Таня отчаянно затрясла.

– Я не смогу, я, все равно, расскажу. Я не смогу… чтобы ты в тюрьме… из-за меня.

– Таня, – подойдя к дочери, Наталья положила руки ей на плечи, – ты никогда меня не слушалась, послушай хоть сейчас, ведь я твоя мать. Думаешь, мне будет легче, если в тюрьме окажешься ты, а не я? Мне не будет легче, мне будет только хуже. К тому же, я, может быть, что-нибудь смогу придумать – может быть, мне дадут условно, так тоже бывает. Но только, если ты не будешь мне мешать, поняла?

Наталья старалась убедить дочь и сама в этот момент верила в то, что говорила. Таня подняла голову и, встретившись с взглядом с матерью, кивнула:

– Да, мама, я поняла.

– Ты сейчас пойдешь и ляжешь в кровать, да?

– Хорошо. А ты? Ты пойдешь и скажешь папе, что ты… что ты…

– Я пойду в дом Рустэма Гаджиева и все ему расскажу. Ему первому. Пусть он сам решает, что делать дальше – Ильдерим был его сыном. Но только попозже, незачем будить его посреди ночи – все равно, уже ничего не изменишь. Иди, скоро начнет светать. Иди одна.

С трудом волоча ноги, Таня вышла из дома Фирузы и поплелась к развилке.
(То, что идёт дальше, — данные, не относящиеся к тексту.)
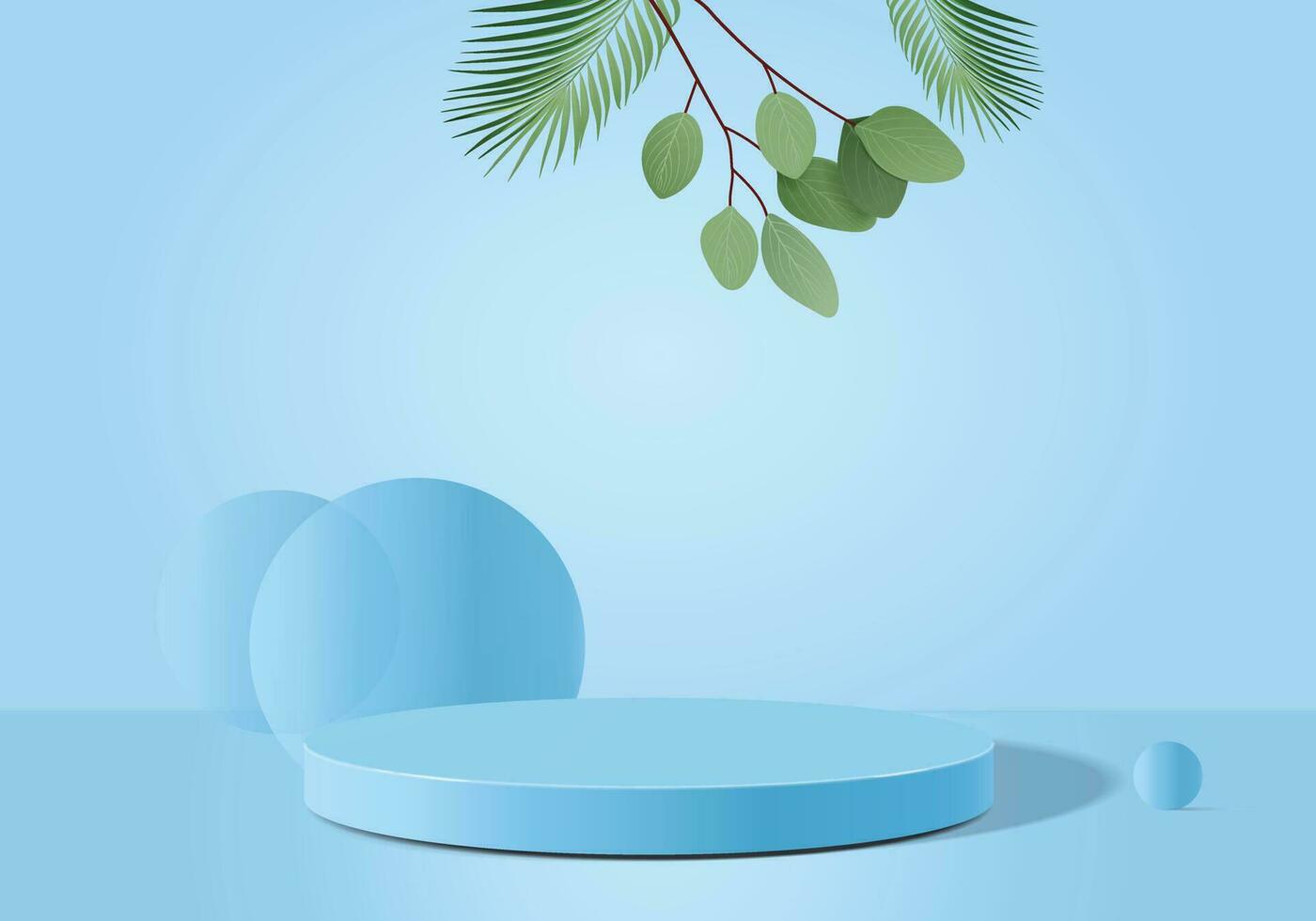 Minimalistic 3D Cylinder Podium with Overlapping Circles and Leaf Background vector
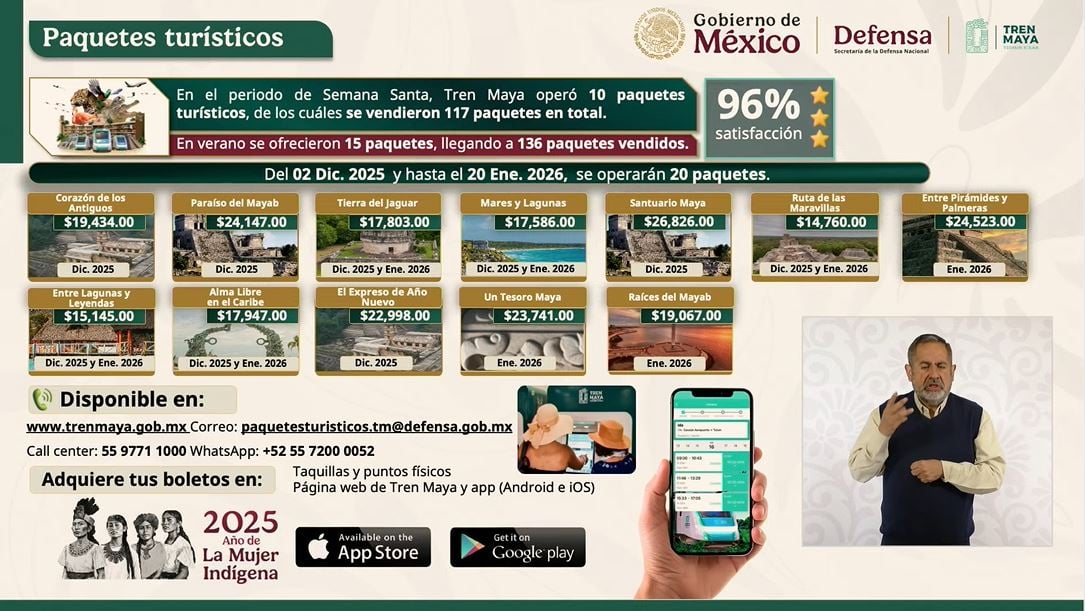Serán un total de 20 paquetes los que el Tren Maya ofrecerá del 2 de diciembre de 2025 al 20 de enero de 2026,entre ellos estarán: Corazón de los Antiguos, por 19 mil 434 pesos; Paraíso del Mayab, por 24 mil 147 pesos; Tierra del Jaguar, por 17 mil 803 pesos; Mares y Lagunas, por 17 mil 586 pesos; entre otros.

Дойдя до нее, девочка оглянулась – матери позади не было – и, юркнув за придорожный камень, стала ждать. Она сама не знала почему, но хотела обязательно увидеть, как мать пойдет в дом Рустэма Гаджиева.

Наталья показалась, когда восток чуть окрасился в розовый цвет, и в воздухе повисла предутренняя мгла. Она дошла до развилки, постояла с полминуты, а потом вдруг решительно свернула в сторону кладбища, хотя к центральной улице совхоза, на которой находился дом Гаджиева, нужно было идти совсем в другую сторону. Обнаружить свое присутствие Тане было нельзя, она подождала, пока Наталья скроется за скалой, и только тогда выскочила из-за камня.

С одной стороны кладбища скала обрывалась пропастью. Здесь, у самого ее края, односельчане похоронили мужчин, погибших при строительстве моста. Далее лежали Наби и Садык, ценой своей жизни спасшие пятерых пассажиров туристского автобуса. На надгробии последней могилы была фотография красивой молодой женщины. Лизы, сестры Натальи, матери Юрия.

Южный рассвет разгорался быстро, и Тане, прятавшейся за скалой, уже отчетливо видна была издали застывшая перед портретом фигура матери. Глядя прямо в строгие глаза сестры, Наталья шептала, и шепот ее гулко отдавался мыслями в голове прижавшейся к камню дочери:

– Прости меня, Лиза. За все. За то, что не слушалась тебя и разбрасывала вещи. За то, что так долго не приходила к тебе на могилу. За то, что не сумела сберечь твоего сына. За то, что иногда забывала о своей дочери, твоей племяннице – ведь ты всегда говорила мне, что женщине ничто не может быть дороже ее ребенка. Я была плохая, да, но я исправлюсь.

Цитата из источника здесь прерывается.